As far as I’m concerned, deserving the title of ‘most-eagerly awaited release of 2021’ will be Laurent Binet’s Civilisations because I enjoyed his The 7th Function of Language so much in 2018. Give me gaffs, guffaws and high culture in the same sentence please. My little radar antennae are spinning furiously, but the English translation is due out in only a month’s time, so not long now…

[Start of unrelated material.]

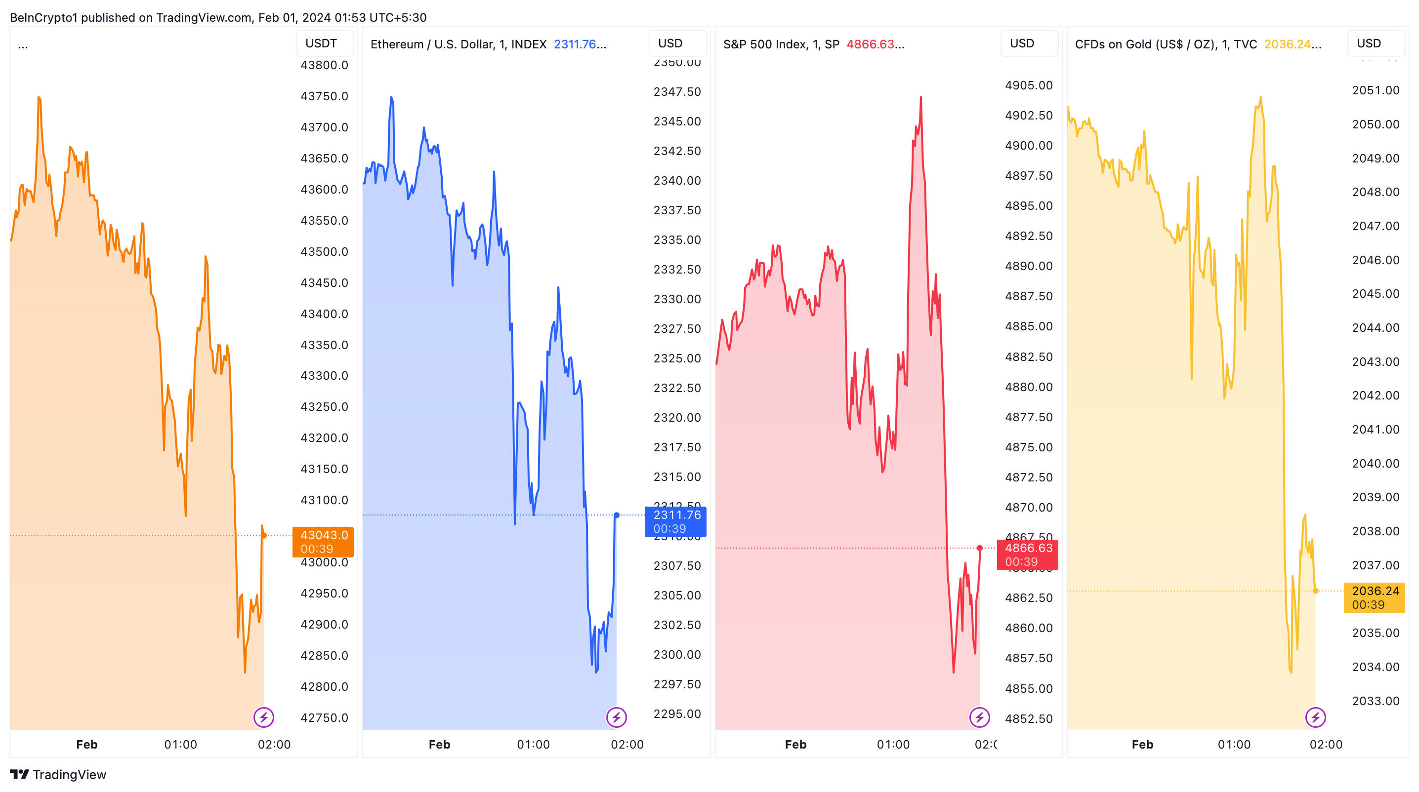 Following Powell’s remarks, significant assets witnessed a downturn. Bitcoin, the leading cryptocurrency, fell by 2.30%, moving from $43,744.10 to $42,701.90. Similarly, Ethereum also saw a decline of 2.25%, dropping from $2,346.85 to $2,294.00. These movements highlight the sensitivity of cryptocurrencies to global financial policies and investor sentiment.
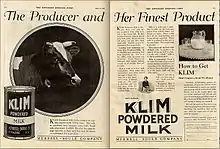 - Advertiser (June 5, 1920). "Try a KLIM SHAKE at the Soda Fountain" (JPEG). The Saturday Evening Post. Retrieved July 13, 2009.

Meanwhile I’m listening to W.H. Lung’s debut album Incidental Music which I first heard last weekend and think is so fab I have just bought it for a friend on Bandcamp
– Ben Archer
Phil Cleaver, who creates our beautiful writer awards and certificates, has worked on a book Fashion Expressionism. But he needs our help to fund the Kickstarter! Please share with anyone and everyone who may be interested.
– Andy Hayes
The Terroron BBC iPlayer is a compelling, addictive and exciting show. It has been fantastically written and has a range of superb performances. Jared Harris is charismatic as Francis Crozier, Paul Ready is nuanced as Goodsir and Tobias Menzies is powerful as James Fitzjames. Not for viewing with children.
– Vanwy Arif
This month, I too have read Jill Hopper’s The Mahogany Pod. What a charming and poignant love story.
I also read Elisabeth Spencer, The Road To My Daughter. It is a remarkable memoir, remarkably told. Elisabeth’s daughter Milly came out as trans at the age of 21. Just days later, Elisabeth’s husband was diagnosed with an advanced terminal illness. It is a deeply moving meditation on motherhood and a nuanced and compassionate reflection on trans issues, illuminating not only how it feels to witness the physical and mental processes of transitioning but also what it means to be a parent. For me it was an education.
– Faye Sharpe
The Mermaid of Black Conch by Monique Roffey – being a mermaid is my side-hustle, so I thought I was biased. But no, the Costa Book award panel agree this is a wonderful book. One of those you wish you’d thought of.
Great Goddesses by Nikita Gill – I watched Nikita interview Monique Roffey at a British Library event, loved her and had been contemplating this book for a while. If you love Greek mythology you’ll love this. Made me cry twice.
– Suzie Inman
Whilst Grace Dent’s Hungry is a triumph, the second half is also a poignant study of desperation and grief with her mother diagnosed with cancer and her father with dementia. She then wrote a wonderful piece in The Guardian about wakes and the importance of sandwiches to the English. It’s almost a postscript.